In describing each figure, like reference numbers are used for like elements.

Terms such as first and second may be used to describe various components, but the components should not be limited by the terms. These terms are only used for the purpose of distinguishing one component from another.

For example, a first element may be termed a second element, and similarly, a second element may be termed a first element, without departing from the scope of the present invention. The term "and/or" includes any combination of a plurality of related listed items or any of a plurality of related listed items.

Unless defined otherwise, all terms used herein, including technical or scientific terms, have the same meaning as commonly understood by one of ordinary skill in the art to which the present invention belongs.

Terms such as those defined in commonly used dictionaries should be interpreted as having a meaning consistent with the meaning in the context of the related art, and unless explicitly defined in this application, it should not be interpreted in an ideal or excessively formal meaning. Should not be.

Define terms before explanation.

The “transverse direction” is the x-axis direction in FIG. 3, and the “longitudinal direction” is the y-axis direction in FIG.

Regarding the “left and right” direction, it is referred to as “right” when it is in the (+) direction and “left” when it is in the (-) direction with respect to the x-axis direction based on the center of the sensor chip 300.

The “longitudinal direction” of the sensor chip 300 is the x-axis direction.

The “short width direction” of the sensor chip 300 is the y-axis direction.

“Upper and lower”, or “upper”, “lower”, “top”, “bottom”, “upper”, “down”, or “height” refer to the z-axis direction in FIG. 4 .

Figure 3 is a top view according to a preferred embodiment of the present invention, Figure 4 is a transverse cross-sectional side view according to the first preferred embodiment of the present invention.

The spacer for applying the sensor chip underfill solution according to a preferred embodiment of the present invention has a rectangular shape and has a space inside so that the underfill solution 600 is injected therein as a whole.

That is, the spacer 500 surrounds the sensor chip 300 and is fixed to the flexible substrates 101 and 102 .

In other words, the spacer 500 surrounds the sensor chip 300 along the periphery of the sensor chip 300 and is installed on the flexible substrates 101 and 102 .

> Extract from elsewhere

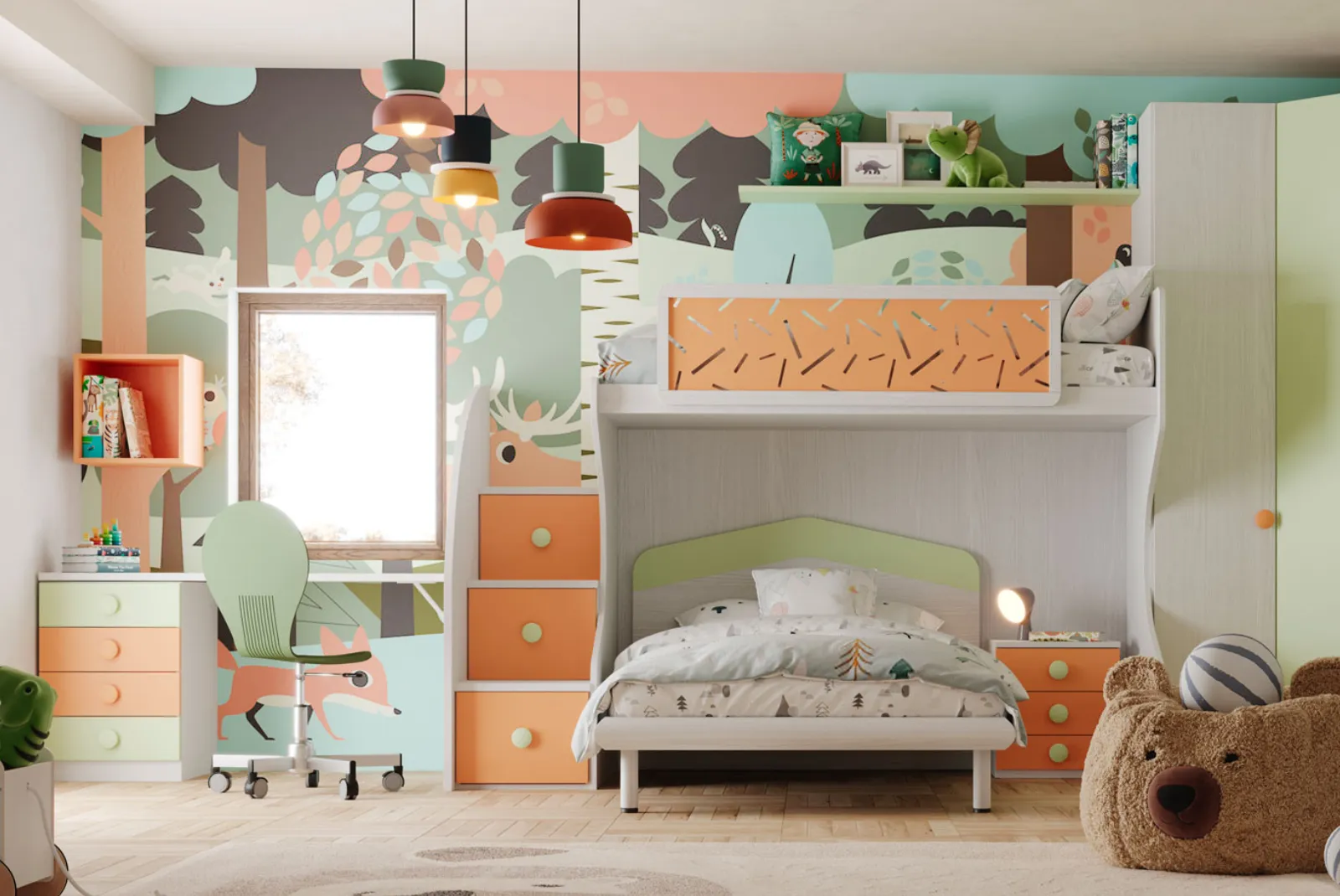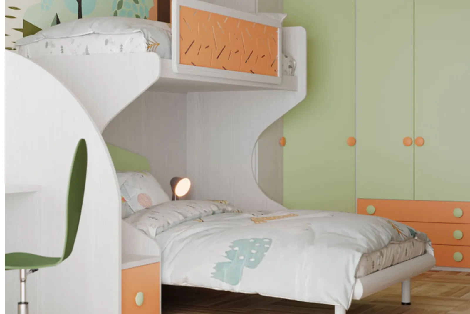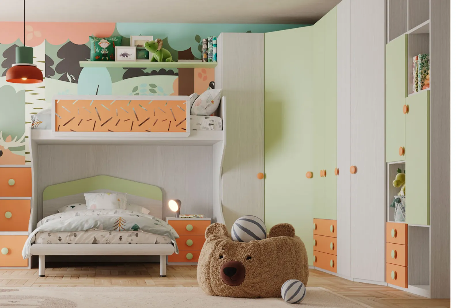 Scopri la cameretta Fly composizione 350 con armadio battente ad angolo, letto a castello con gradini e scrivania. Una cameretta d’arredo versatile e confortevole che dona un tocco di eleganza a qualsiasi ambiente.

The sensor chip 300 is installed to be electrically connected to the flexible substrates 101 and 102 and serves to check the temperature inside the battery cell.

In this case, the sensor chip 300 may be a thermistor chip.

The spacer 500 may be installed so that the sensor chip 300 comes to the center.

The spacer 500 includes a first side wall portion 501 , a second side wall portion 502 , a third side wall portion 503 , and a fourth side wall portion 504 , and has a rectangular tray shape with an empty interior as a whole.

The first side wall portion 501 and the third side wall portion 503 are parallel to each other and opposed to each other, and the second side wall portion 502 and fourth side wall portion 504 are parallel to each other and opposed to each other.

Meanwhile, the first flexible substrate unit 101 and the second flexible substrate unit 102 are divided into zones by a second line unit 202 and a third line unit 203 .

In other words, the second line part 202 and the third line part 203 are provided on the flexible substrate under the sensor chip 300 while being connected to each other.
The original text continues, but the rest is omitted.